Show that $I$ is an ideal of $R$

Question

Let $R$ be a commutative ring and let $a\in R$.

Show that $I=\{x\in R\mid ax=0\}$ is an ideal.

For all $b \in R$, $$bI=b\{x\in R\mid ax=0\}=\{bx\in R\mid a(bx)=0\} =\{xb\in R\mid a(x)=0\}=Ib\;,$$ thus I can say $I$ is an ideal of $R$, right? Thanks

Answer 1

No, your manipulations are not valid. (And they would not establish what you need to establish, even if they were valid)

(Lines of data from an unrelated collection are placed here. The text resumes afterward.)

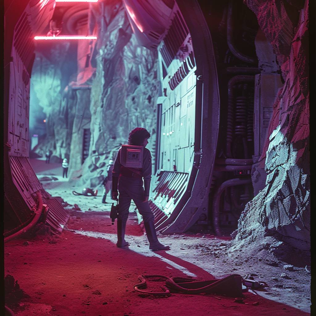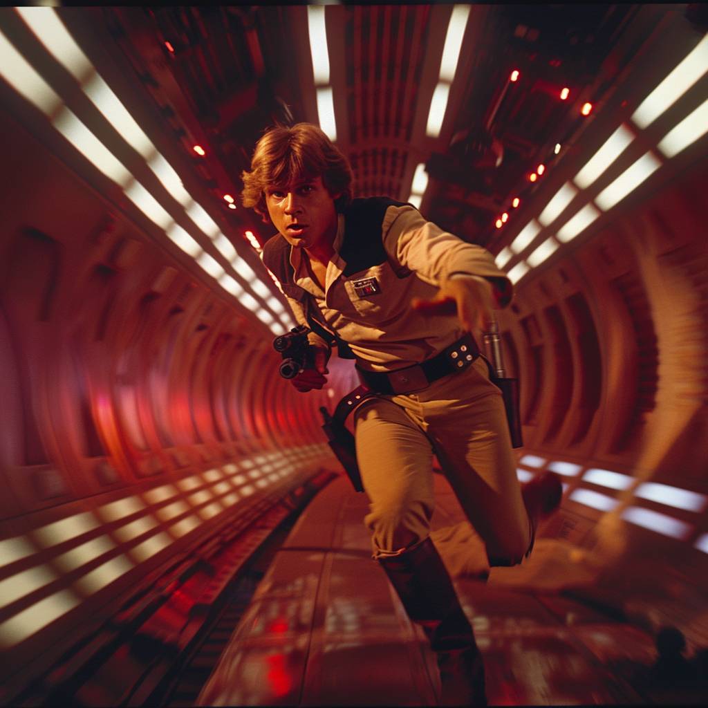 Film still Star Wars [character] in action scene [location], [scene], [lighting], [angle] analog camera, 70's, saturated colors, detailed composition, directed by George Lucas --v 6.0
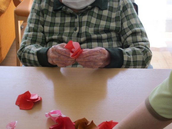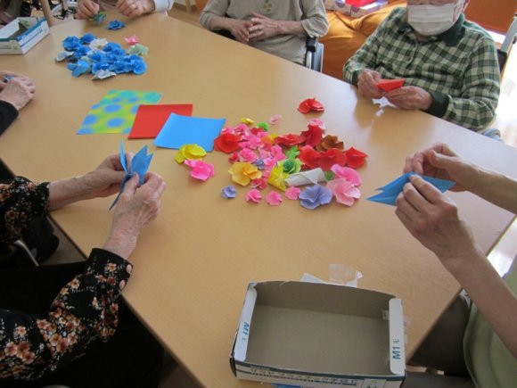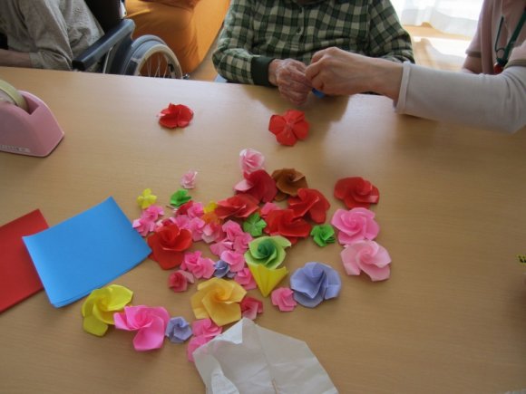 2019年05月26日(日) 五月のイベント 五月五日 今日は子供の日! 本日のおやつ~! かわいい!! おいしそうだプ~!いただきま~ぷ! 菖蒲湯イベント~! 菖蒲の葉があたってくすぐったいぷー! 今年は風邪 ひかないかなーぷ! この日はフロアーのレクリエーションで薔薇の花を作ってまあーす! 私達って 手先が器用なんでーす! 出来上がりが楽しみでーす! みごとに薔薇の花が出来ました! 今日は外出レクで外食に行きました! ご馳走ですね!! 気分転換になって とってもおいしいです! また皆さんで美味しい物食べに行きましょうね~!
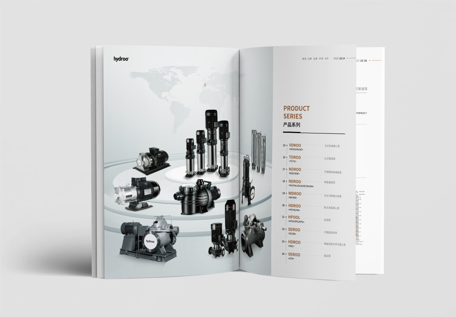 在溝通中,我們了解到浩卓總部位于西班牙巴塞羅那,運(yùn)營(yíng)分部設(shè)在中國(guó)杭州,為更好的展示浩卓企業(yè)綜合實(shí)力,在畫(huà)冊(cè)的設(shè)計(jì)上,以圖文結(jié)合的形式先對(duì)企業(yè)的基本情況進(jìn)行介紹,之后以表格、數(shù)據(jù),細(xì)節(jié)圖對(duì)各類(lèi)產(chǎn)品進(jìn)行闡述,便于受眾快速了解產(chǎn)品參數(shù)及規(guī)格,最后展示浩卓泵業(yè)的經(jīng)典案例,凸顯企業(yè)突出的業(yè)績(jī)。另外,對(duì)畫(huà)冊(cè)的封面做了創(chuàng)意設(shè)計(jì),其主畫(huà)面是一個(gè)地球,分為上下兩個(gè)部分,上部分以線稿的流程圖表現(xiàn)出的一站式解決方案;下部分則是半個(gè)地球,體現(xiàn)企業(yè)致力為全球提供各類(lèi)高端泵產(chǎn)品和泵解決方案。
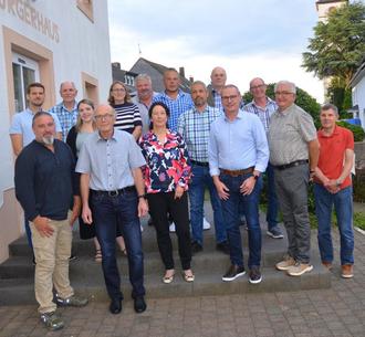 Der neue Ortsgemeinderat Beuren mit Bürgermeister Harald Schmitt (2.v.li.) eingerahmt von den Beigeordneten Marco Adams und Nicole Kaiser. Daneben der neugewählte VG-Bürgermeister Stefan Ding.
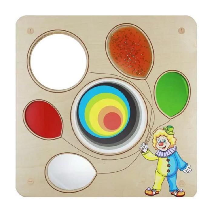Клоун и воздушный шар — всегда одна из лучших комбинаций, которая может легко привлечь внимание маленьких детей. Настенные элементы предлагают выбор визуальных и тактильных сенсорных тренировочных элементов, включая зеркало, цветное отражение, вогнутое зеркало и т. д. Вращающееся колесо посередине также идеально подходит для тренировки навыков концентрации.

$b\{x\in R\mid ax = 0\} = \{bx\in R\mid ax=0\}$. The condition is still on $x$ and $x$ alone, not on $bx$, so your second equality is unjustified. And you don't explain why you get to drop the $b$ in the condition when going from $$\{ bx\in R\mid a(bx)=0\}$$ to $$\{xb \in R\mid a(x) = 0\}.$$

Moreover: an ideal is more than just a set that absorbs multiplication: you also need to show that it is nonempty, and closed under differences (equivalently, is an additive subgroup of $R$).

So you need to show that:

1. $I\neq\varnothing$. Exhibit an element of $R$ that is definitely in $I$. (Easy).

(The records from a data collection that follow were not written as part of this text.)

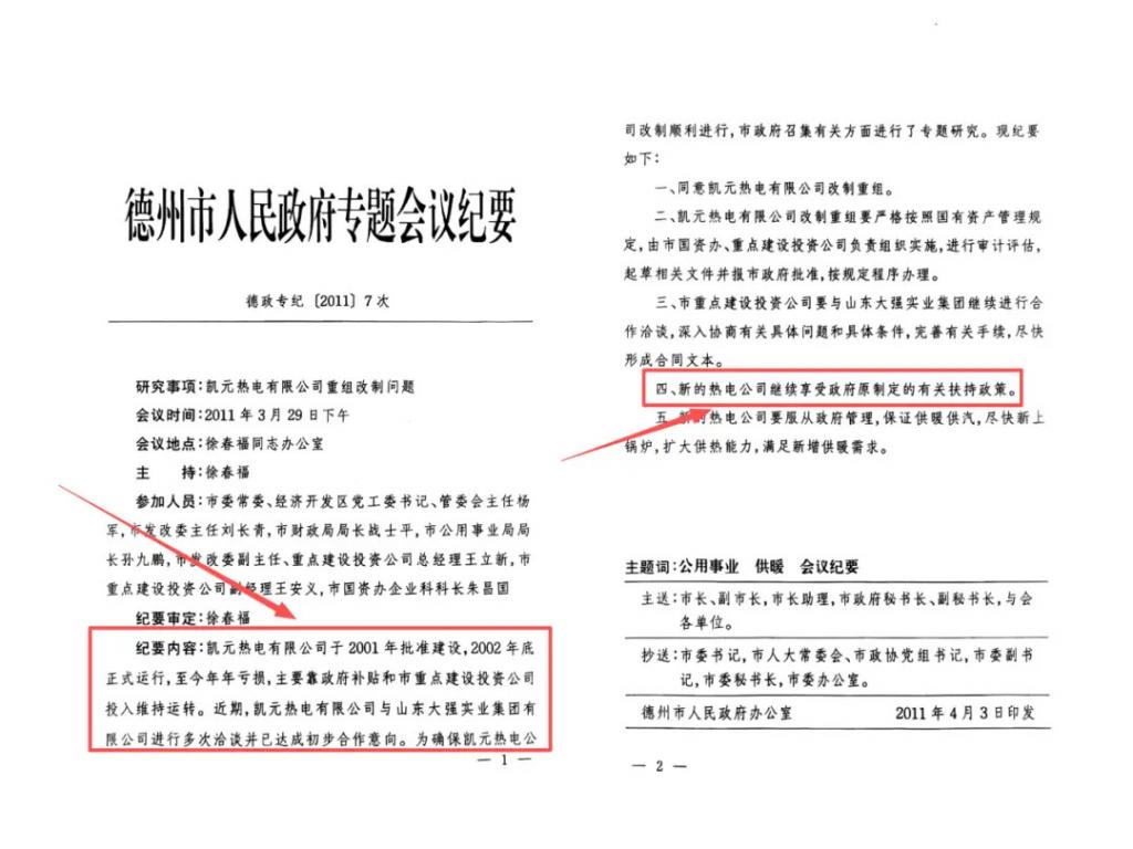 为推动项目顺利落地,德州市政府随后专门就"凯元热电重组改制问题"召开了专题会议,一致同意大强集团收购凯元热电,并形成了上述《政府会议纪要》。会议纪要明确了"新的热电公司继续享受政府原制定的有关扶持政策"(如上图右红框)。
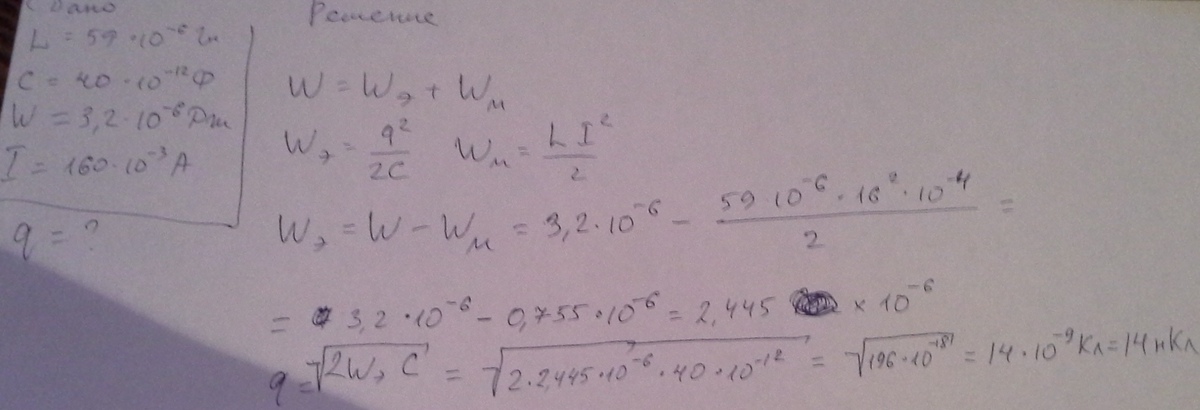 колебательный контур состоит из катушки индуктивности 59 мкГн и конденсатора 40 пФ энергия запасенная в контуре равна 3,2* 10^-6 дж. чему равен заряд на конденсаторе в тот момент когда ток в цепи равен 160 мА
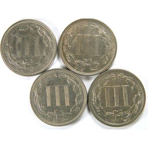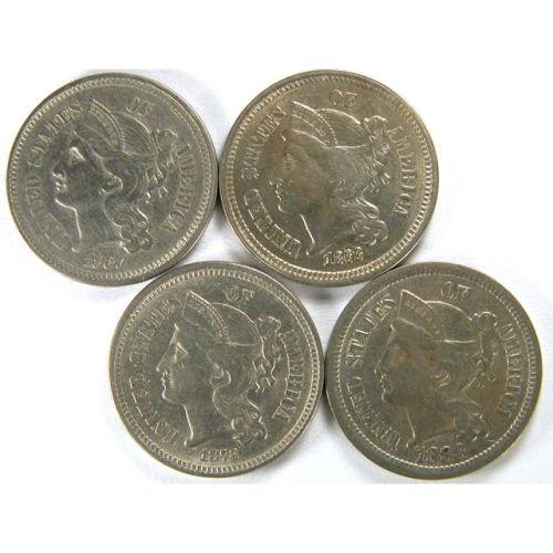 1867, 1868 and 1873 Closed 3, all AU. the 1867 lightly cleaned. Plus 1888 EF. Total four pieces

2. If $x,y\in I$, then $x-y\in I$. (Also easy, but needs to be done).

3. If $b\in R$ and $x\in I$, then $bx\in I$. Easy, but your manipulations are invalid and don't establish this.

Note that since $R$ is commutative, for any set $X\subseteq R$ (ideal or not), and any element $b$, $bX=\{bx\mid x\in X\} = Xb$; so the fact that $bI=Ib$ does not help in showing that the set is an ideal. You need to show that $bI\subseteq I$. (In a noncommutative ring, you would also need to show that $Ib\subseteq I$.)

Answer 2

Hint: analogous to the proof for vector spaces, because the map $\:x \mapsto f(x) = a x\:$ is $R$-linear, its kernel enjoys an R-linear structure, i.e. it forms an ideal of $R$ (a.k.a. an $R$-module). Indeed $f(x) = 0 = f(y)$ $\:\Rightarrow\:$ $f(x-y) = f(x)-f(y) = 0,\:$ and $\:f(rx) = r f(x) = 0\:$ for $r\in R$. Therefore we've shown $\:x,y\in I = ker f$ $\:\Rightarrow\:$ $x-y,\ rx\in I,\:$ i.e. $I$ is an ideal of $R$.